# Ammo shortage



## Moo Juice

Anybody finding it difficult to find turkey loads? My oldest son and I are setting well with 12ga loads but my youngest son shoots a vintage J.C. Higgins 16ga which belonged to my grandfather. We have some factory Federal loads in no 4. Shot which don't pattern very well, so we broke out a old Lee load all which I bought years ago but haven't used hardly at all and went to work. 
We settled on load data with components we had on hand which utilized federal hulls and primers, 24 grains of Longshot powder, Remington sp16 wads and one and one eighth oz. Of no.5 shot.
We kicked out 5 shells and headed to the farm to pattern them. I was pleasantly surprised. At 25 yards each shell would have made a clean kill with 15 to 20 hits in the head area.
I guess this ammo shortage isn't so bad after all. It forced me to make some father/ son time and to revisit a very enjoyable hobby while solving a problem at the same time.
Good luck to everyone this coming turkey season. Be safe out there.


----------



## miked913

I'm just glad I have a few boxes and only use 1 or 2 a year. Way to solve the problem with your kid involved!

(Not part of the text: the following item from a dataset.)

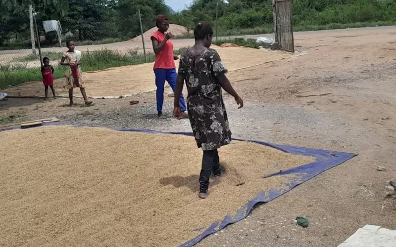 Rice farmers at Akuse near Somanya in the Eastern Region, are compelled to use their feet to dry rice due to lack of mechanical dryers.

reelylivinsportfishing.com


----------



## Steelheader88

This is a good story. Thanks.


----------



## shot1buck

Great job! Glad to hear you solved the problem. Plus kids learned a few things I’m sure


----------



## CalebBone

Incredible, thanks for sharing, love it! Just another example of taking the abnormal, less preferred environment we have been living in for the last 12 months and choosing to make something special out of it! We have a lot to be thankful for. Thanks for reminding us all of that!!


----------



## ruffhunter

turkey loads are about the only ammo ive seen, but in much less quantities


----------



## rzrmitch

Finally found some game loads at a Dunhams 8.50 a box gotta just keep checking they are gone so quick


----------



## Muddy

Finding a 16 gauge turkey load would be about like finding a unicorn. Good thing you can load a few! Good luck hunting.


----------



## ironman172

I see 7.5 the most (dove&quail ) 6 shot or less not so much , was picking up some 410 shells
Figure I need a Taurus judge now for a woods gun


----------



## T-180

I have found a decent amount of turkey ammo, but that 16 gauge stuff is hard to come by.


----------